If you are like me, you like to know the flow of how things are designed to work and the expected steps that should fall into that dance, with that said, I would suggest taking a moment to read over the "Planning a Multicast Strategy in Configuration Manager" article, you can find here: https://technet.microsoft.com/en-us/library/hh397406.aspx . This article will give you a good feel of the Multicast deployment process and a visual of how the flow should feel and look and knowing what good looks like is essential for troubleshooting.
So what are the requirements to have Multicast enabled in your ConfigMgr 2012 environment? You will need to have a site server with the following:
1) Distribution Point
2) Windows Deployment Services (required for the transport server)
You will also want to make sure that from a network stand point the following is true:
1) TCP Port 445 for Server Message Block (SMB) is not blocked
2) UDP Ports 63000-65000 for Multicast Protocol is not blocked
3) Network switches are configured for support of Multicast data transmissions
So lets get to it, go ahead and open your ConfigMgr 2012 Console:
1) Once you have the console open, navigate to "Administration \ Site Configuration \ Servers and Site System Roles". You will want to select the Site Server that houses the Distribution Point you plan to enable for multicast, please note this should be a Distribution Point that you use also for housing content for your Operating System Deployments as well.
2) Once you have the site server selected, look in the Site System Roles results at the bottom half of the console screen, select the Distribution Point so its highlighted.
3) Right click the Distribution Point and select "Properties" and once the "Distribution Point Properties" dialog window is open, select the "Multicast" tab
4) Place a check in the box next to "Enable Multicast to simultaneously send data to multiple clients"
When it comes to Multicasting there are two options available for sessions, first is "Autocast" and the second is "Scheduled". The difference between these two types of Multicasting is that when using "Autocast" you can add a machine at any time and it will join the session and start imaging. When using "Scheduled" the devices added to the session will hold until the "Minimum" session size (clients) is reached, once that is done the session will start the imaging process for the devices.

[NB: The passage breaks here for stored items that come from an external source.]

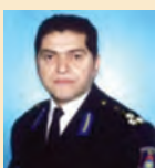
Του Ανδριανού Γκουρμπάτση Αντιστρατήγου - Υπαρχηγού Π.Σ. ε.α. - Νομικού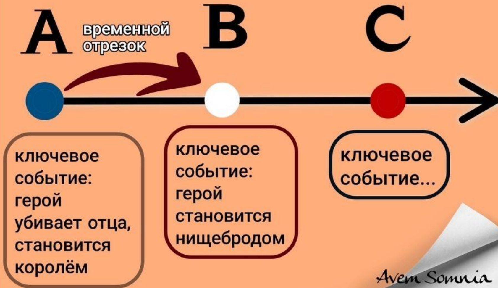
Схема построения сюжета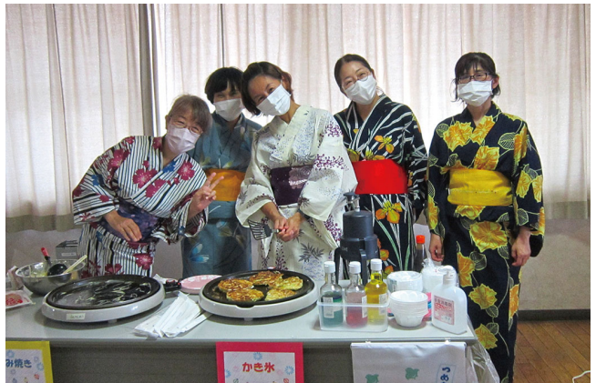
4階夏祭り お好み焼き

"Autocast" is enabled by the action of enabling Multicast on the Distribution Point by default, but to enable "Scheduled" sessions you would need to check the "Enable scheduled multicast" box on the properties dialog.
So lets break down a little more the difference between "Autocast" and "Scheduled" multicast session types before you go making that choice on which type you want to use, note you can change types any time you wish as well.
In this configuration the multicast session starts as soon as the first machine powers up and requests the image. As additional machines are also booted up for imaging they will 'join' the current multicast session already in progress and consume the remainder of the stream. When the stream ends it will start again and the systems that joined late will consume the parts they missed. While autocasting isn't as efficient as scheduled multicast it is still significantly more efficient that standard OSD image delivery.
Scheduled multicast allows for more control of the multicast session. Here you choose either a time delay before starting the multicast session or a minimum number of clients that must join the session before it starts. The multicast session will start whenever either of the two requirements are met. The idea here is to allow the administrator time to get all of the systems started and ready and then all systems can load the image simultaneously - providing the best usage of network resources. Scheduled multicast is enabled by selecting the 'enable scheduled multicast' check box.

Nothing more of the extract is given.